The Greater Manchester Police in the UK has recently been assessed a penalty of £150,000 (reduced to £120,000 for early payment). While many publications are claiming that this figure primarily ties to the theft of a USB stick, the truth is that the Greater Manchester Police (GMP) was fined for not having better sense.
What type of “sense”? Why the use of data security tools like AlertBoot, which ensure the protection of sensitive personal data using advanced encryption technology.
USB Stick Stolen is Part of a Pattern
According to the Monetary Penalty Notice filed in this case, an officer that worked with the GMP’s Serious Crime Division (“mainly the Drug Squad”) had his USB memory stick stolen on July 17, 2011. The device was kept in his wallet, which was stolen was stolen during a home burglary.
(This factoid gave me a boob tube flashback: George Constanza’s exploding wallet / personal filing cabinet / not a purse. I guess the use of a USB drive is one way to ensure one’s wallet doesn’t become morbidly obese).
The officer in question was with the Serious Crime Division for over 10 years, and he used the USB stick to “create a backup of his folder and to enable the officer to access information when he was out of the office or at another site.” A forensic, post-breach investigation revealed that information on 1,075 individuals was saved to the device and that it was not protected with encryption.

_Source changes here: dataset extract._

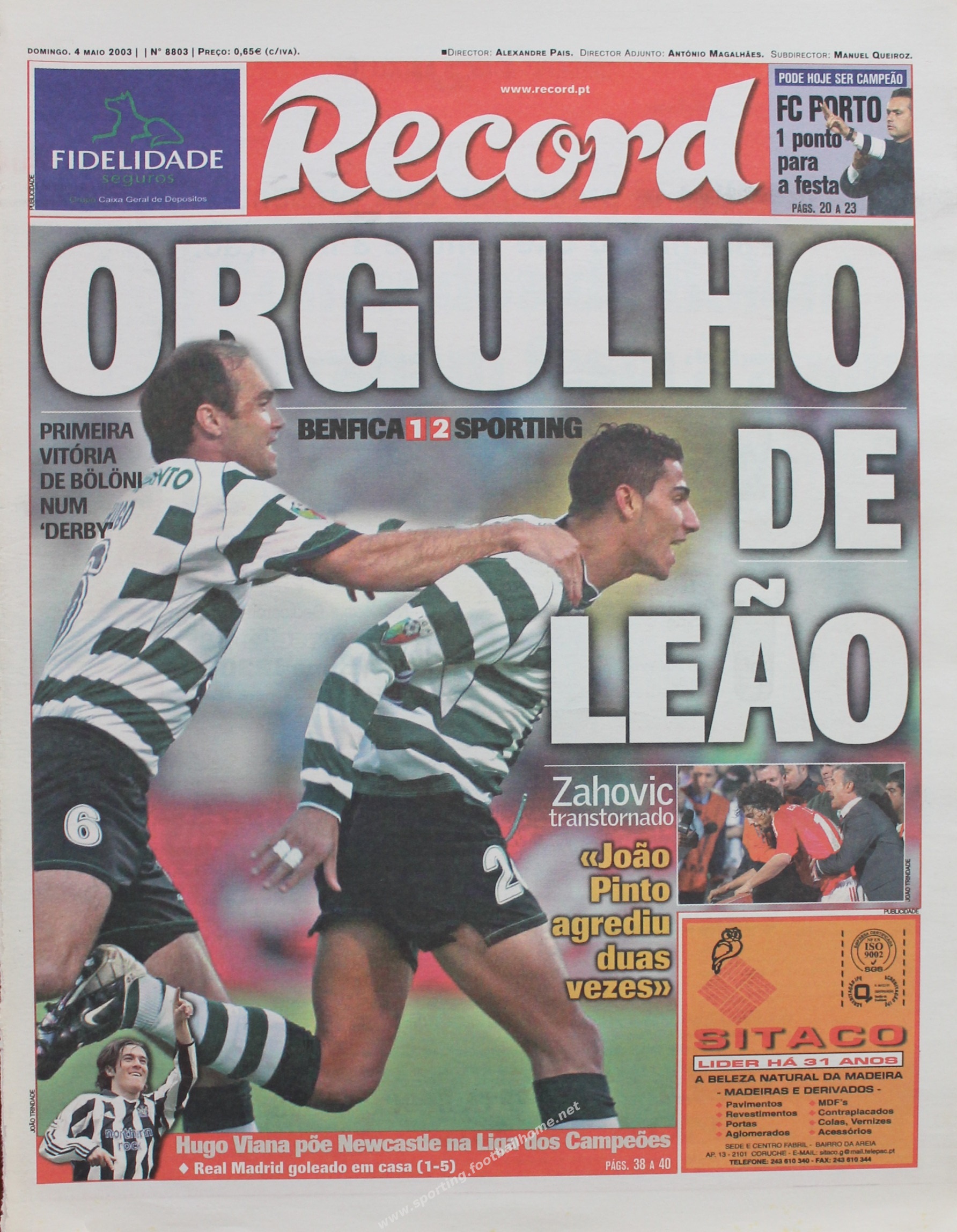 Num derby disputado no Estádio do Jamor (devido à construção do novo Estádio da Luz), Quaresma e João Pinto marcaram na vitoria leonina (2-1) para o Campeonato.
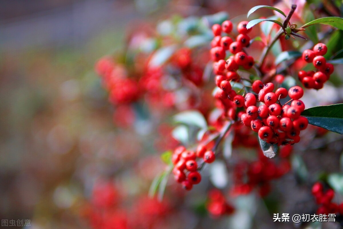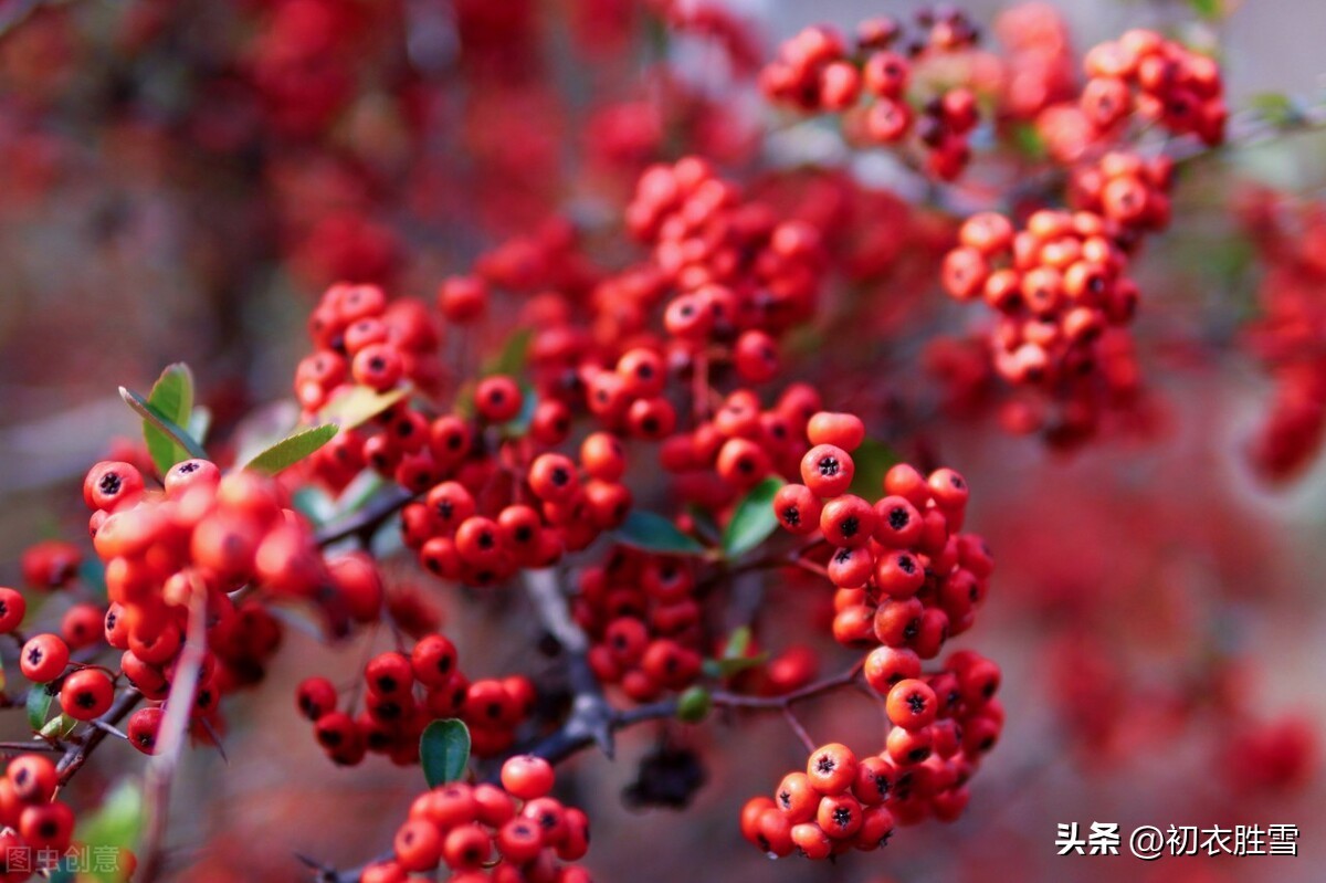 或者是由于秋天气肃,我马上联想到王维的另外一首名诗,遥知兄弟登高处,遍插茱萸少一人。因为在沉静的秋天的九月九,茱萸果,也是红色的,唐宋之人采撷茱萸之红果枝佩戴在帽子胸前,一来辟邪,二来唐人钟情红色,象征阳气,明丽,有着秋天视觉上的美好。

This was against a September 2010 Chief Constable Orders (CCO) that instructed everyone to use an encrypted disk.
But the officer cannot be blamed directly, as he “was on leave at the time this CCO was issued,” “never had any specific training on data protection,” the use of encrypted storage media “was not effectively enforced,” and “no further steps were taken to prevent the use of USB sticks other than encrypted ones.”
Approximately 1,100 Unauthorized USB Sticks Used
Following the above incident, the GMP engaged in what’s known in certain circles as “fixing the barn after the horses have fled CYA maneuver” (CYA being short for “Cover Your A–“). I call it prudence: the GMP declared amnesty for people not following the CCO, and rounded up all unauthorized USB sticks it could find.
The effort netted approximately 1,100 memory sticks and an admission that “some of the devices have still not been recovered.”
It was further revealed in the Notice that GMP had a similar breach in 2010.
Yesterday, I had noted how the Veterans Affairs Department in the USA had wasted a cool $5 million on encryption licenses that had not been used since 2006. One has to wonder how many of the encrypted USB devices the GMP purchased have gone unused since 2010, just lying there and collecting dust.
The management of such devices and licenses can pose a significant challenge to many organizations. However, ensuring that they’re properly managed and deployed is necessary and beneficial for many reasons:
Increased data security. That’s what the procurement was about, right?
Adequate use of financial resources. Nothing worse than having your money tied up on software that you’re not using.
Indirect assessment of your problem. You bought 1,000 — presumably because an assessment showed you needed 1,000 — and still have 900 waiting to be deployed one year later. You’ve got a problem somewhere, buddy.
Plus, the fact that you won’t be publicly shamed or that you’ll end up owing more £100,000 to the government has its merits as well.